I confess to rarely doing things without a plan and considerable preparation. It is as much a teacher thing as it is an artist thing.  But it is not really a clown thing.  Clown things tend to be spontaneous, unrehearsed, improvised, and free-flowing.

I think, though, that my doodle, though done fast and directly from the idea machine to paper, shows how my constant preparing and work on careful planning leads to certain features of talent and skill showing through.

I believe I have revealed before that as a writer and an artist I am a formalist.  I believe in the rules and proper forms.  I know the proper forms and the rules very well.  And therefore, I feel qualified to break the rules whenever necessary.

And clowns must break the rules.  You have push outside the borders.  You have to twist things at unnatural angles.  You have to turn things upside down.   You have to portray a clown with only the face and hands.
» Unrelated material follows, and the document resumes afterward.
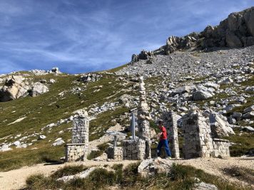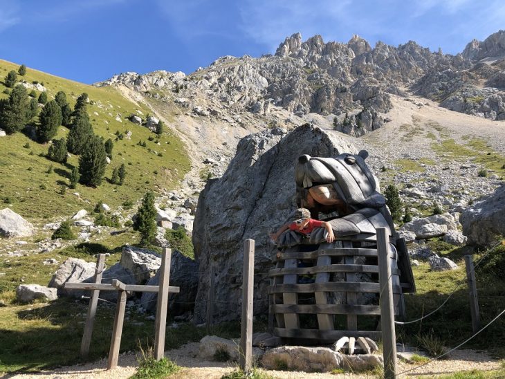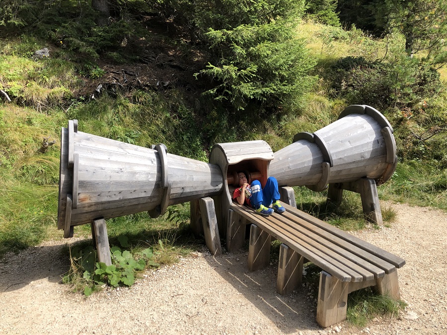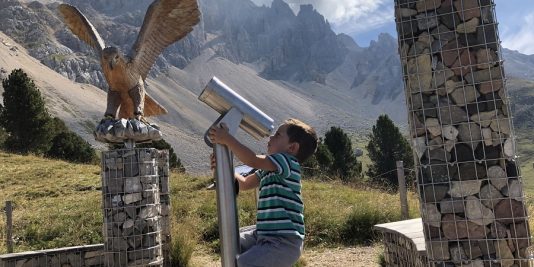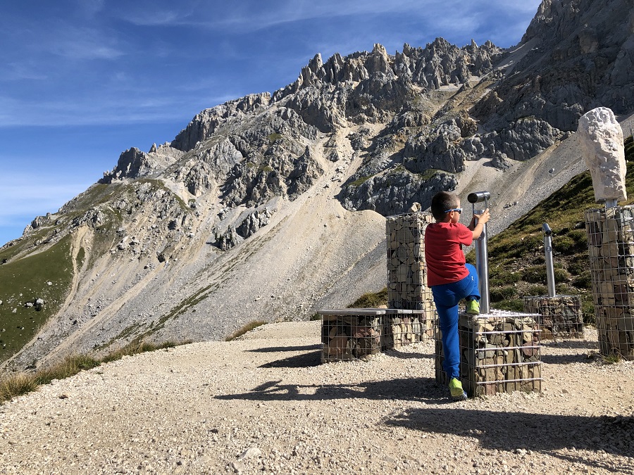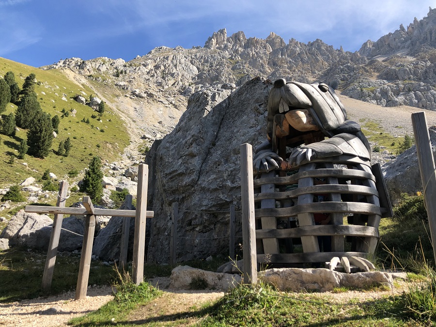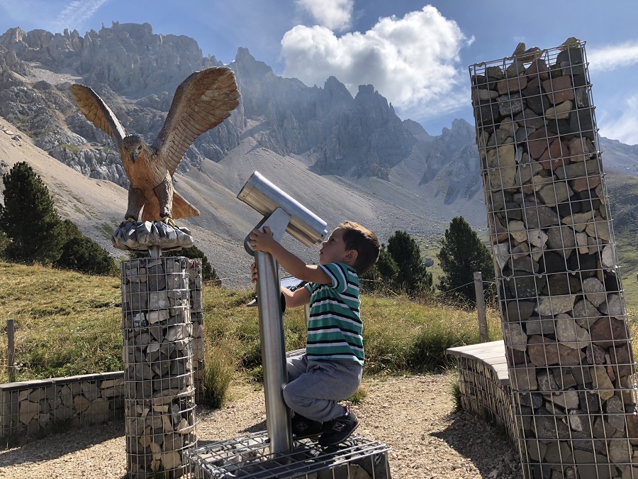 Lungo il sentiero sono tante le installazioni: cannocchiali per scrutare le cime, imponenti aquile e una simpatica marmotta soldato. Per i bambini non c’è niente di più divertente ed entusiasmante che scoprirle una dopo l’altra!
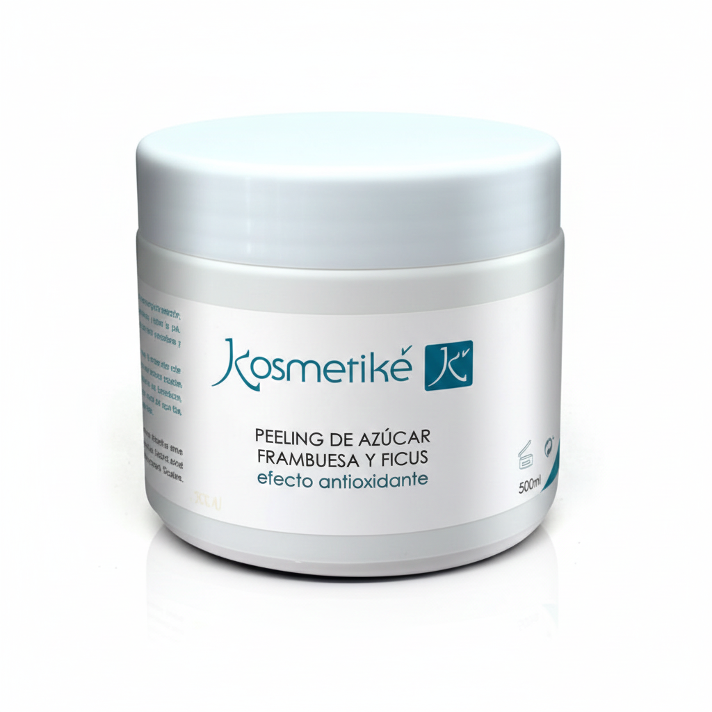Peeling corporal de azúcar, frambuesa y ficus Kosmetiké Profesional 500 cc. Exfolia, nutre y revitaliza la piel con un efecto antioxidante y reafirmante.

Of course you can see a definite difference in quality between clowns.  The Cheeto-head who runs our country does not exhibit practiced skill when he free-hands it and tweets his comedy on Twitter.  He creates mainly chaos.  Robin Williams, on the other hand, rapid fires incredible lines off the top of his head.  But he can do that because he has practiced brewing gallons of funny foam up in his insane brain and grabbing off the amazing lines that fizz out of his brain and tosses them out to create comedy.

Chaos is easy to create.  Comedy, especially thoughtful comedy, is hard.

So, I will continue to do clown stuff.  And I will continue to doodle.  But I will also continue to plan and practice, because clown stuff is seriously important, and has to be done correctly.